According the 2019 Global Innovation Index, Australia fell out of the world’s 20 most innovative economies, coming in at 22nd. At the same time, with looming recession fears, solutions will need to be found to address a slowing economy.

But what does this mean for your office? The reality of a recession may mean hiring freezes, but that doesn’t mean you’ll necessarily have less work to do. The introduction of digital bots, or digital colleagues, to your office means heightened productivity without having to burn the midnight oil.

3. We'll see even more pressure on company transparency around the information they collect and how it's used

The 2020s are shaping up to be a decade defined by big data – with the advent of 5G and the explosion of connected devices and smart homes.
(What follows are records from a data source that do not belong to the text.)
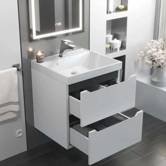 Тумба под раковину Uperwood Tanos 2930205149 50 см, подвесная, белый матовый/графит
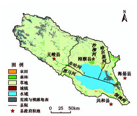 Figure 1 Qinghai Lake watershed land cover in 2012图1 2012年青海湖流域土地覆被 |
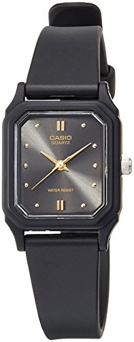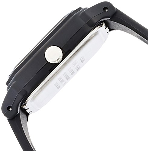 Brand, Seller, or Collection Name:Casio Model number:EAW-LQ-142E-1A Part Number:LQ-142E-1A Model Year:2013 Item Shape:rectangle Dial window material type:Glass Display Type:Analog Clasp:Buckle Case material:Resin Case diameter:22.5 millimeters Case Thickness:8 millimeters Band Material:Resin Band length:Women's Standard Band width:14 millimeters Band Color:Black Dial color:Black Special features:measures-seconds Movement:Analog quartz Water resistant depth:50 Meters
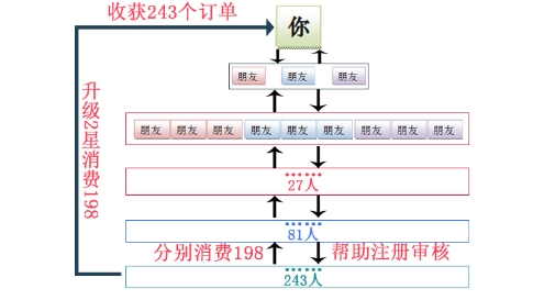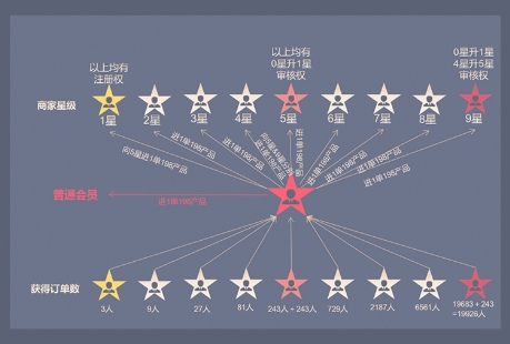 4、四星商家升级五星商家是有条件的,那就是你发展商家总计有81个一星或者是一星以上的商家,您再提交申请,系统会按规则推荐一个五星商家,另一个是您所在商圈的九星商家,那您就是五星商家了,当您通过努力升为五星商家(相当于你发展的消费商进来时都要找你消费一次),您就像开了排队购买的超市,从此您的销售源源不断,您就真正开始偿到努力发展市场的甜头,假设今天您下面进来10个一星商家,您就会收到10个消费订单,一个订单回款198元,您一天的收入就是1980元,这种自动收单收钱,颠覆了传统销售的固有思维!您升到五星商家时会有243个消费商,这243人升星都要找你审核消费一单,您就可以最少收到243个订单 。
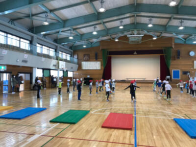 ラジオ体操や縄跳び、マット運動を元気に行いました。
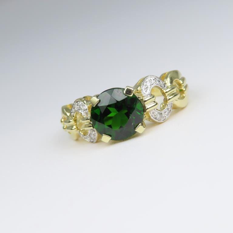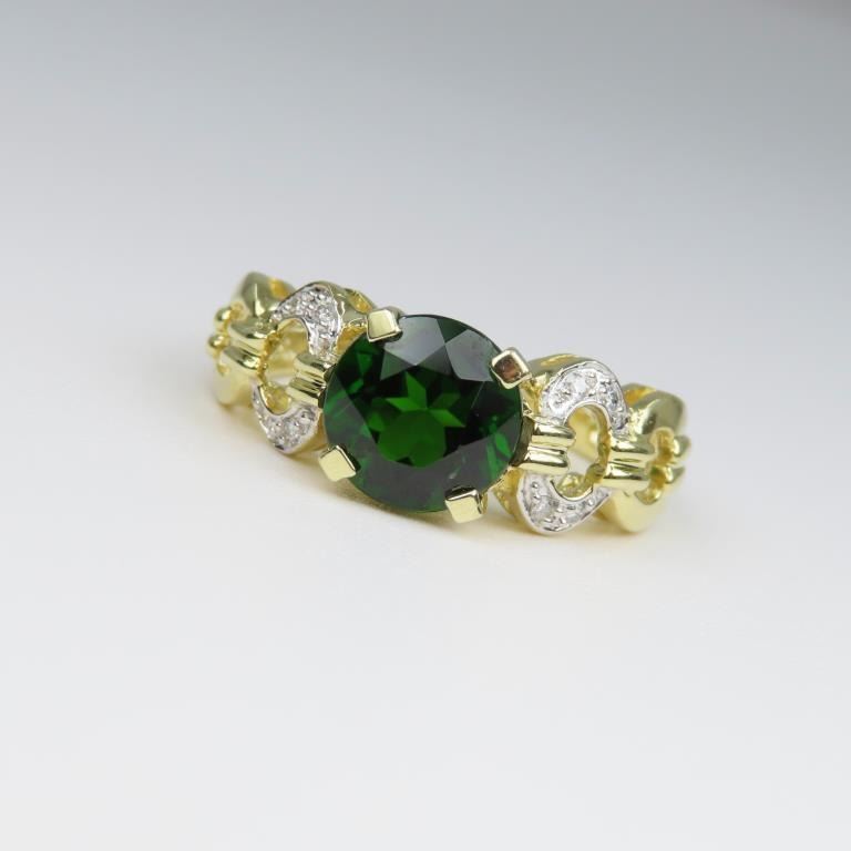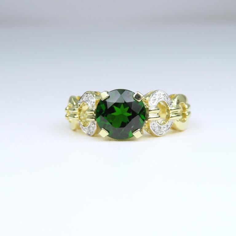 featuring round cut Green Tourmaline weighing approx. 1.50-2.00 carats accented with 8 round cut Diamonds set in 14 karat yellow gold Size 6 setting.
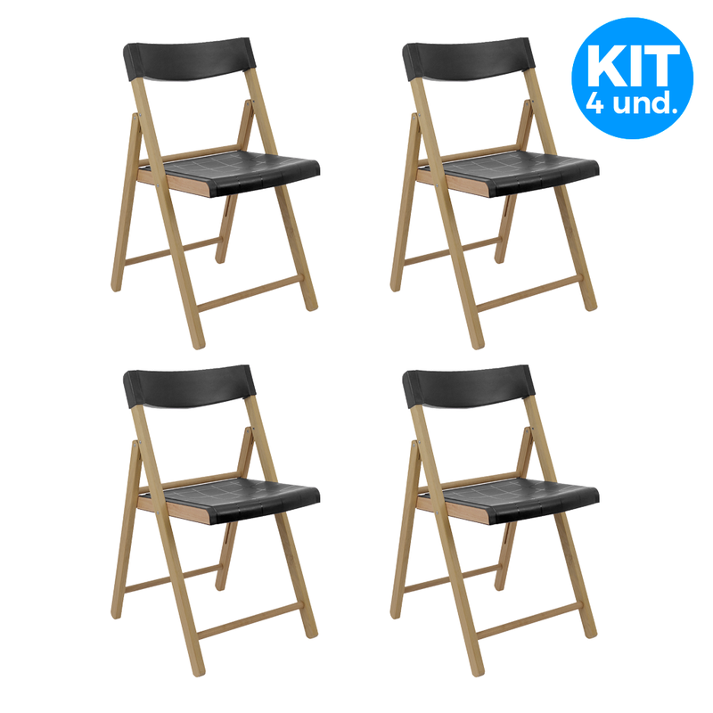 O kit 4 cadeiras de madeira dobrável tramontina potenza 13792382 é um conjunto com estrutura em madeira tauari e assento e encosto em polipropileno preto. Ele oferece resistência, leveza e design moderno, sendo ideal para ambientes internos ou cobertos. A proposta é unir praticidade e estética para facilitar o uso no dia a dia.
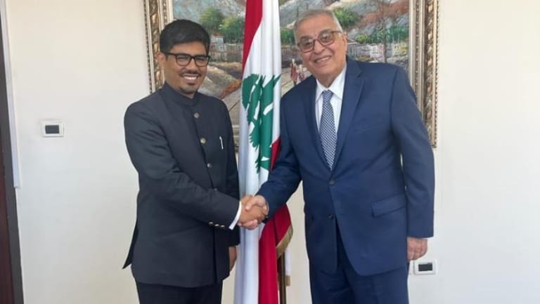 استقبل وزير الخارجية والمغتربين في حكومة تصريف الاعمال الدكتور عبدالله بوحبيب القائم بالاعمال في سفارة الهند السفير محمد نور رحمان شيخ في زيارة تعارف.
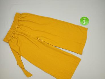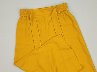 Żółte spodnie damskie typu casual - Kolor: intensywny żółty - Fason: proste nogawki, długość 7/8–ankle (luźniejszy krój) - Talia: wysoka z szeroką, elastyczną gumą dla wygody; szlufki na pasek - K...
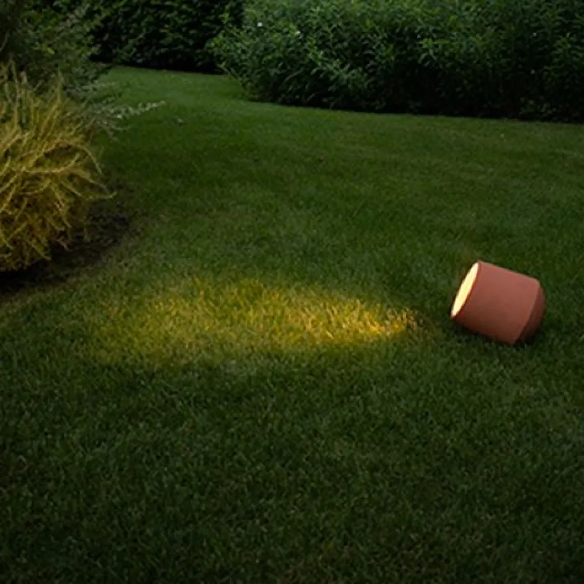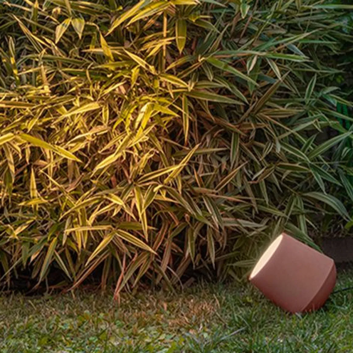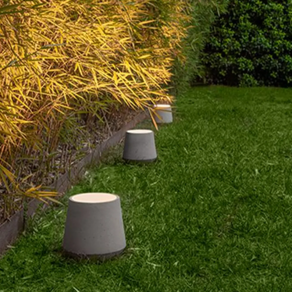 Monolithe en béton coulé par gravité, il abrite la source lumineuse à l’intérieur : une lumière douce pour mettre en valeur les surfaces, la végétation, les allées. La forme, le matériau et les couleurs obtenus en masse, permettent à Concreta de s’insérer dans différents contextes, en respectant la nature et l’architecture.
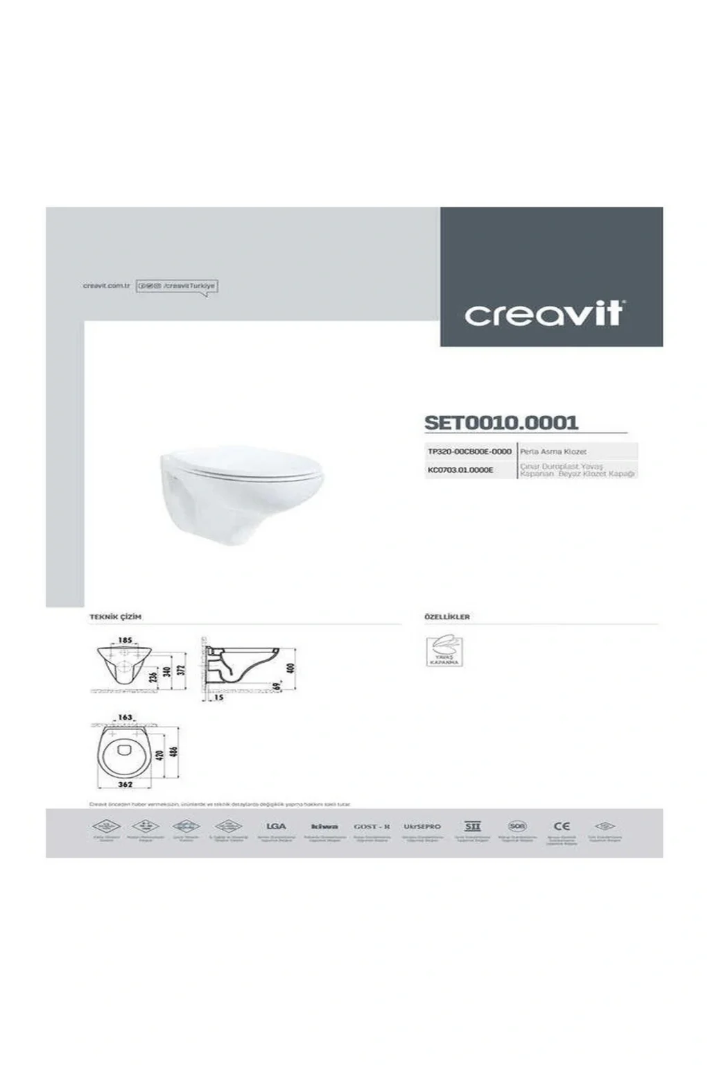 Renk:Beyaz;Materyal:Seramik;Marka:Creavit

This can create pressure on staff to correctly handle massive amounts of data, and there will be serious implications if data is mismanaged.

Businesses will start to roll out solutions, including artificial intelligence (AI) and digital bots, to help office workers who handle large amounts of data to maintain compliance. 

4. We'll see demand for IT skills boom across all industries and jobs by the end of the year

Over 2020, we expect to see IT skills appear across a vast array of job roles – developers, business analysts, program and project managers etc. – and in all verticals – IT, BPO, HR, education, insurance, banking, among others.

Not only does this mean new career opportunities to be forged by the younger generation, but also a chance for the current human workforce to reskill, retrain and add a new dimension to their current job roles.

Adrian Jones is the executive vice president of Automation Anywhere Asia Pacific and Japan.